I intend to attempt to have these machines locked down until they squeak as they will be in no-go zones. My question is, if anyone uses LINUX w/s in this form, do they authenticate against the RM servers and if so are there any issues with this? (I authenticate against a WIN2000 box at home, but this is a 'safe' environment and we don't really hot-desk!) And, assuming that you do, do you allow access to the "mywork" areas?
Ok, I have a small version of this running in our library. I have 5 debian workstations. One is a beefy job and thus becomes the X terminal server for the other 4. The others automatically start X and display the terminal's gdm login screen. It works a treat. I'm running an after school club on these workstations tonight and plan to thrash them to see if it all grinds to a halt.
How do you implement remote w/s builds across the network? I'd considered a duel partition and 'ghosting' across but most of these w/s only have 4GB HDDs. We try not to have CD-ROMs on any PC's as it's just another item to replace every term!
I have these debian workstations authenticating from an RM Connect 2.4 server (NT4). Winbind and then a pam config - which is very picky but definately works! If you did it with debian I could send you the config. But I know someone on this list offered to send me the config for SuSE when I was doing it with debian, so it's out there...?
If it's a success and easy to administer, then I'd like to be able to move away from the CC3 route altogether.

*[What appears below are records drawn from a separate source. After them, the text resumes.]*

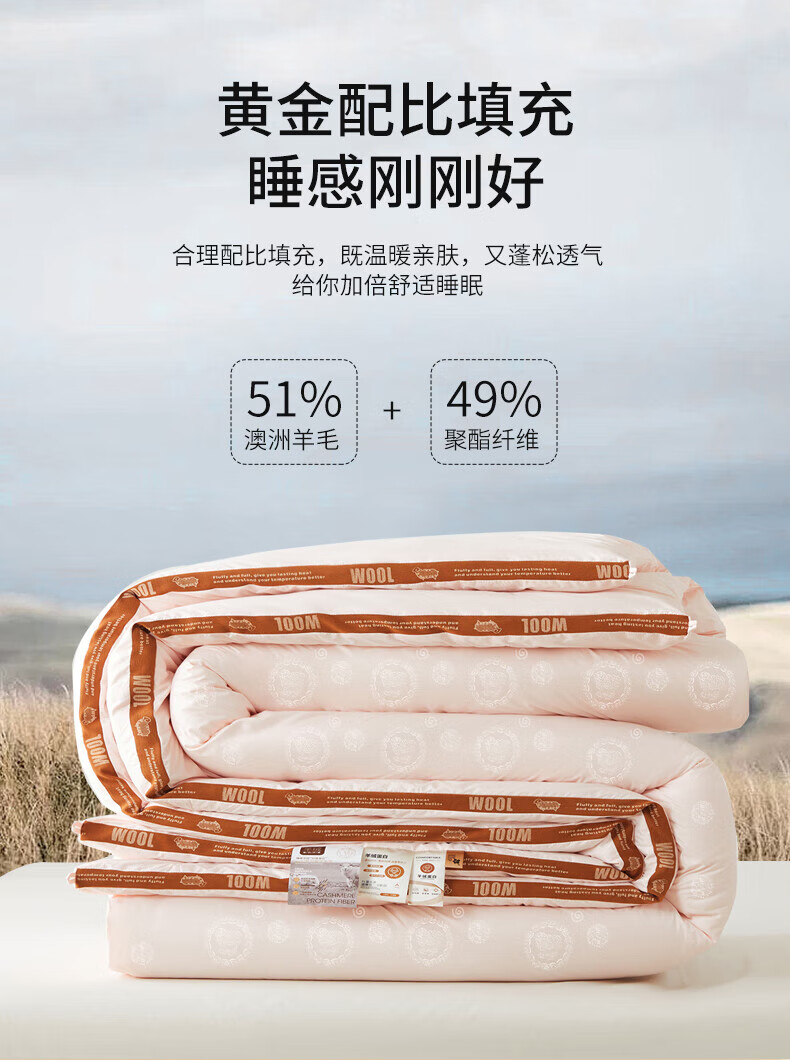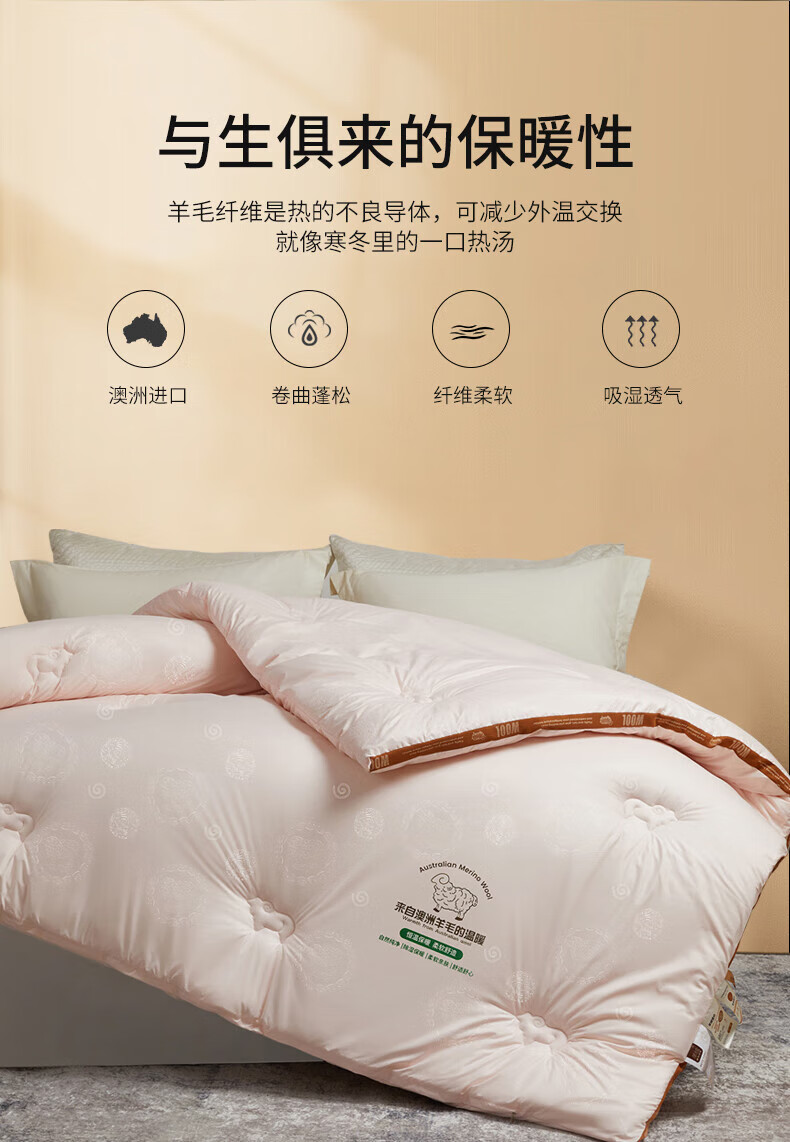 恒源祥澳洲抗菌羊毛被冬被褥加厚保暖双人春秋被子冬季棉被10斤结婚被芯 白色 150*200cm3.8斤春秋被】
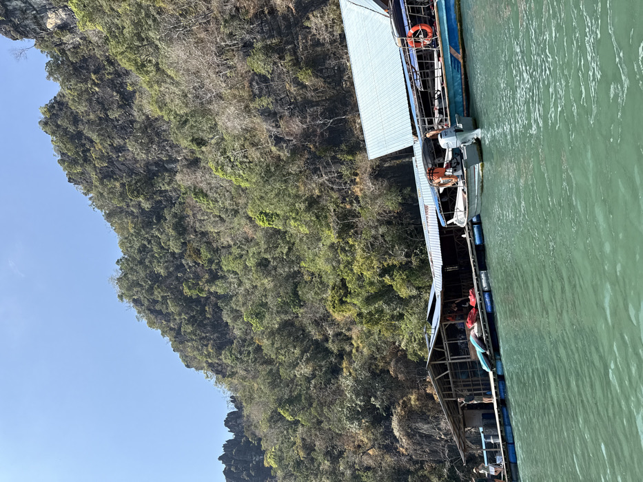 A narrowboat with a white roof is docked alongside a lush, steep, rocky hillside covered with dense vegetation. The boat appears to be a tour vessel, with people visible on board. The water adjacent to the boat is a muted green color. A bright blue sky peeks out from behind the hillside.
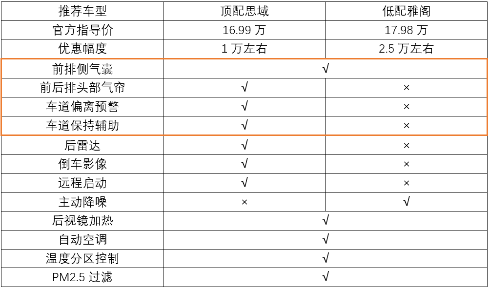 这么大的配置差距其实早在预料之中,虽然思域的安全配置也不算高,但是雅阁没有后排头部气帘这点有些遗憾,相信大家在最近比较火的汽车碰撞测试视频中,也能明体会到气囊的作用。而其它的主动安全配置上,其实也就主动刹车系统比较有用,但是两车都没配备。

I've not managed to map MyWork to the linux machines :( The problem seems to me to be that the user's home directory on the RM server is not necessarily their username e.g. Jonathan Smith as a username would have jonatha1 as a homedir! Jonathan Jones (who came to the school later than Master Smith) would have a homedir of jonatha2. So I can't work out how to auto map the homedirs using pam_mount - which would be a breeze if homedir and username were the same. Any help? I'm using gnome, and intend to just rewrite the gnome config files for anything I want to restrict in a nightly cron job. Thus if little jonny breaks his desktop, it'll be fine in the morning... Obviously KDE has the kiosk framework which may be more use in locking down - which I'm not overly concerned about on these linux workstations (as long as they reset nightly to save on my "fix my desktop" admin). -- Matt Johnson ___________________________________________________________ Win a castle for NYE with your mates and Yahoo! Messenger http://uk.messenger.yahoo.com
Ok, I have a small version of this running in our library. I have 5 debian workstations. One is a beefy job and thus becomes the X terminal server for the other 4. The others automatically start X and display the terminal's gdm login screen. It works a treat. Any special reason for using debian? So is this a thin client set up?
I'm running an after school club on these workstations tonight and plan to thrash them to see if it all grinds to a halt. :-)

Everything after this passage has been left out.